Spain itself consists of various regional nationalities including the Castilians (who most strongly identify with the Spanish identity), the Catalans, Valencians and Balearics (speakers of a distinct yet related Romance language in eastern Spain), the Basques (a distinct people inhabiting the Basque country), and the Galicians, who speak a language which is close to Portuguese. Regional diversity is important to many Spaniards and some regions (other than the ones associated with the different nationalities) also have strong local identities and dialects, such as Asturias, Aragon, the Canary Islands, and Andalusia. The Spanish Constitution of 1978, in its second article, recognizes historic entities "nationalities" (a carefully chosen word in order to avoid the more politically loaded "nations") and regions, inside the unity of the Spanish nation.

Since the sixteenth century, the most famous minority group in the country (though not the biggest in number) have been the Gitanos, a Roma group.

Spain harbors a number of black African-blooded people—who are descendants of populations from former colonies (especially Equatorial Guinea) and, immigrants from several Sub-Saharan and Caribbean countries. There are also sizable numbers of Asian-Spaniards, most of whom are from Chinese, Filipino, Middle Eastern, Pakistani and Indian origins; Spaniards of Latin American descent are also sizable as well.

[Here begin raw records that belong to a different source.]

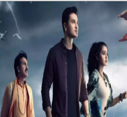
माधवन की ठरकैट्टी: द नाबी इफेक्ट को पीछे छोड़ दिया जो एक हिंदी-तमिल द्विभाषी फिल्म थी। बता दें कि इस लिस्ट में पहले नंबर पर एसएस राजामौली की ब्लॉकबस्टर फिल्म 'बाहुबली 2' है जिसने बॉक्स ऑफिस पर 510 करोड़ की कमाई की थी। वहीं दूसरे नंबर पर यश स्टारर केजीएफ चैप्टर 2 है। जिसने
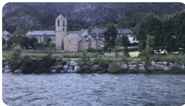
RUTA SALENCAR DE BARRUERA Aprox. 1 hora (ida y vuelta)
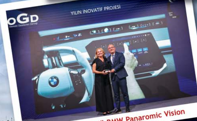
"Yılın İnovatif Projesi" BMW Panoramic Vision
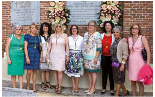
Junta de la Soledad en la ofrenda a las hermanas fallecidas

Desconocemos el precio que tendrán, por ejemplo, un tenor y una soprano cantando áreas de zarzuela a capela, eso sí, con un buen sonido para aquellos invitados que no tengan una buena audición.

The important Jewish population of Spain was either expelled or forced to convert in 1492 under the Alhambra Decree, with the dawn of the Spanish Inquisition. After the nineteenth century, some Jews have established themselves in Spain as a result of migration from former Spanish Morocco, escape from Nazi repression, and immigration from Argentina. The Spanish law allows Sephardi Jews to claim Spanish citizenship.

Religion

Modern-day Spain was born of religious struggle between Catholicism and, in turn, Islam, and Judaism. After centuries of the Reconquista, in which Christian Spaniards fought to drive out the Moors, the Spanish Inquisition sought to complete the religious purification of the Iberian Peninsula by driving out Jews, Protestants, and other nonbelievers. The Inquisition was finally abolished only in the 1830s, and even after that religious freedom was denied in practice, if not in theory. Catholicism became the state religion in 1851, when the Spanish government signed a Concordat with the Holy See that committed Madrid to pay the salaries of the clergy and to subsidize other expenses of the Roman Catholic Church as a compensation for the seizure of property in the Desamortización de Mendizábal. This pact was renounced in 1931, when the secular constitution of the Second Spanish Republic imposed a series of anti-clerical measures that threatened the church's existence in Spain. Under Francisco Franco, the church's privileges were restored. In 1976, however, King Juan Carlos de Borbon unilaterally renounced the right to name the bishops; later that same year Madrid and the Vatican signed a new accord that restored to the church its right to name bishops, and the church agreed to a revised Concordat that entailed a gradual financial separation of church and state.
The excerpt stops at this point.